“The Foolishness of God”

John 2:13-22 / 1 Corinthians 1:18-31

Grace, mercy and peace to you from God our Father…

Please pray with me…

There are many things that I have done in my life that others may have seen as foolish. When I was young and fresh out of High School, there were many who thought that my first step would be to enroll into pre-seminary. In fact, it was so much a belief that our church LWML group had worked on raising money for my tuition and had raised enough that I wouldn’t have to worry. A man I had always admired got me to be a member of the local Junior Toastmasters organization to hone my public speaking skills. Our pastor made no secret of what a great pastor he thought I would be one day. They even had me convinced for a while that this was the course that God had chosen for me. But then I turned it all down. At first glance, that was probably a very idiotic thing to do.

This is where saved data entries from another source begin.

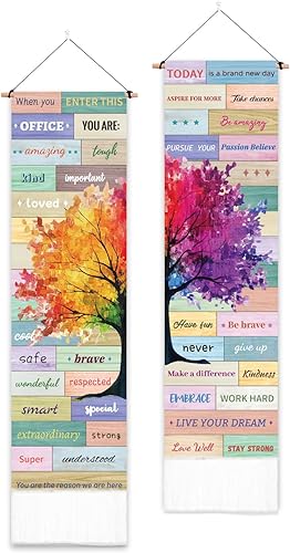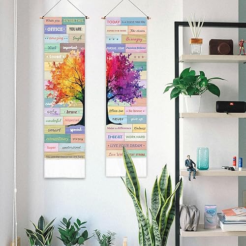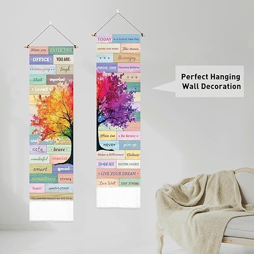 PLIGREAT 2 Pack Tapisserie d’arbre coloré avec glands, citations inspirantes Esthétique Tenture murale Tapisserie d’art verticale pour chambre à coucher Salon Salle de bain Long Étroit Art Décor
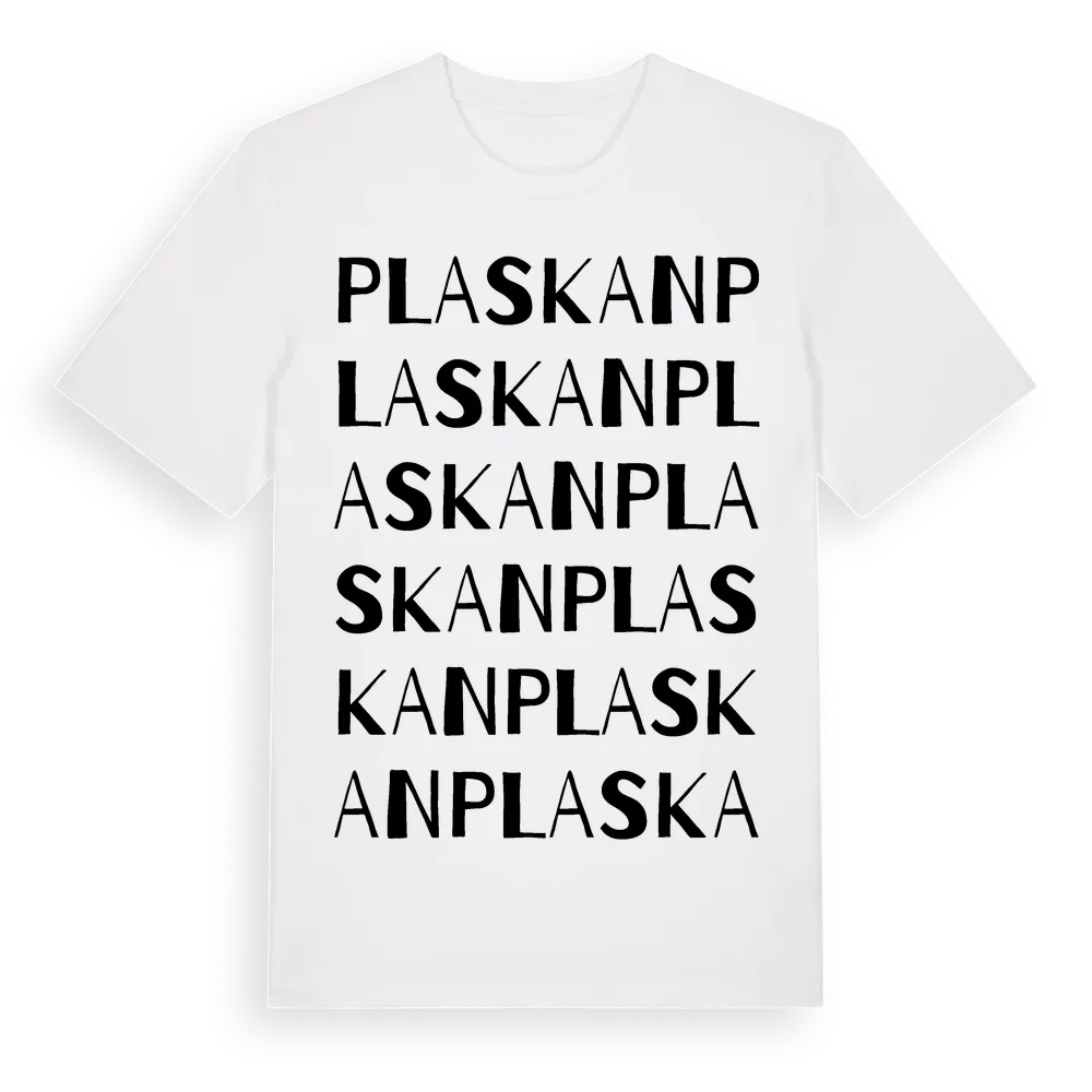 Plaskan ordlek t-shirt är inspirerad av Plaskan i Västerbottens län, Sverige. Tröjan är designad för dig som har en speciell koppling till platsen – oavsett om du bor här, har rötterna här eller bara älskar Plaskan.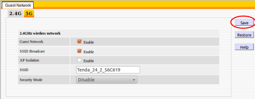 6. Once the Enable box is checked, more options will appear. One of these options is SSID Broadcast, which will allow the network to be seen when a computer scans for available networks. Another is AP Isolation, which will prevent computers connected to the guest network from seeing each other. This will prevent any unwanted computer access from other users on the network. Finally, there are the SSID and the Security Mode. The SSID is the name of the network, which can be set to anything, and the security mode will determine what protocol is used for security of the network. If a password is desired, WPA-PSK, WPA2-PSK, or Mixed WPA/WPA2-PSK should be used. If a password is not desired, the security mode may be set to either Disabled or Open. Shared is not recommended unless older devices that do not support WPA are being used, as it can be less secure than the WPA standards. Once the settings have been decided upon, click on the Save button in the upper right.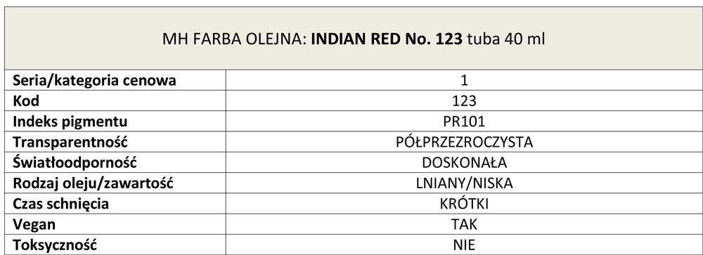 Indian Red No. 123 - to głębszy i chłodniejszy niebiesko-czerwony odcień syntetycznego tlenku żelaza. Jego gęstość kolorów tworzy refleksy z wyraźnie purpurowymi odcieniami, które niektórzy malarze cenią za oddawanie cielistych odcieni w oświetleniu wnętrz.

At 18, I fell in love with a beautiful 17 year old girl. We dated for a while and decided early that God had sent us each other, so we were wed before she even turned 20. People said we were too young and I look at my beautiful daughter who is almost 2 years older then her mother was when she got married and I can’t imagine her being married myself. Some thought we were unwise, and maybe we were.


At 48, I decided to finally enter seminary. My wife had an excellent job she loved. My daughter had friends she had cherished her whole life. Our finances were tapped and we had to move to the big city of St. Louis and hope everything would go according to plan. I had a job I loved already, doing what I would be going to school to do. It sounds crazy and I’d probably think the same had it been someone else.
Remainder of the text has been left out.